Proving $(A \cup B) - (A \cup C) \subset A \cup (B - C)$

Question

I am trying to prove that $(A \cup B) - (A \cup C) \subset A \cup (B - C)$. Here is as far as I managed to get.

Let $x \in (A \cup B) - (A \cup C)$. Then: \begin{align*} x \in (A \cup B) - (A \cup C) & \implies x \in (A \cup B) \text{ and } x \not \in (A \cup C) \\ & \implies (x \in A \text{ or } x \in B) \text{ and } (x \not \in A \text{ and } x \not \in C) \\ & \implies ((x \in A \text{ or } x \in B) \text{ and } x \not \in A) \text{ and } x \not \in C \\ & \implies (x \in B \text{ and } x \not \in A) \text{ and } x \not \in C \\ & \implies x \in B - A \text{ and } x \not \in C \end{align*} In other words, I cannot managed to get there, and have gone down a wildly peculiar path. Any help to get me on the right track would be appreciated.

Answer 1

Once you conclude that

$(x \in A$ or $x \in B)$ and ($x \notin A$ and $x \notin C$.)

Consider two cases,

• if $x \in A$, then you are done.

• If $x \notin A$, then we must have $x \in B$ and $x \notin C$.
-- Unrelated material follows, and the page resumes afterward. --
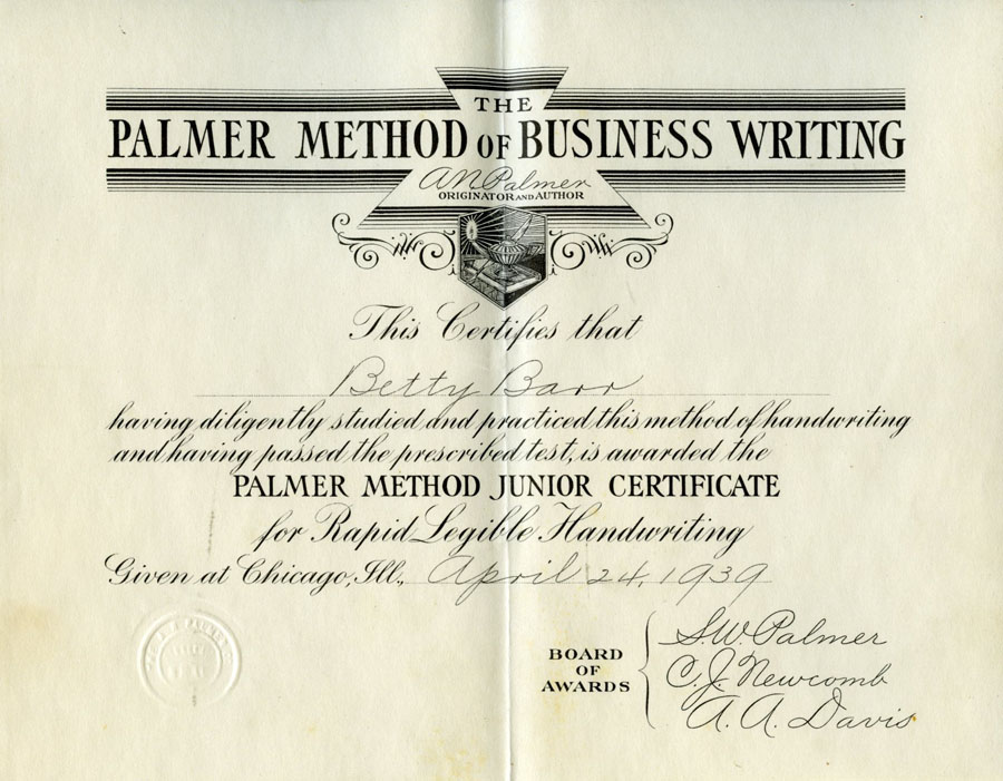 Penmanship Certificate,

That if we have shown that $x \in A \cup (B-C).$

Answer 2

\begin{align}(A\cup B)\setminus(A\cup C)&=((A\cup B)\setminus A)\setminus C=(B\setminus A)\setminus C=\\&=(B\setminus C)\setminus A\subseteq B\setminus C\subseteq A\cup(B\setminus C)\end{align}

Answer 3

If $x \in A \implies x \in A\cup (B-C)$. If $x \notin A \implies x \in B$ and $ x \notin C \implies x \in (B-C) \implies x \in A\cup (B-C)$. You’re done.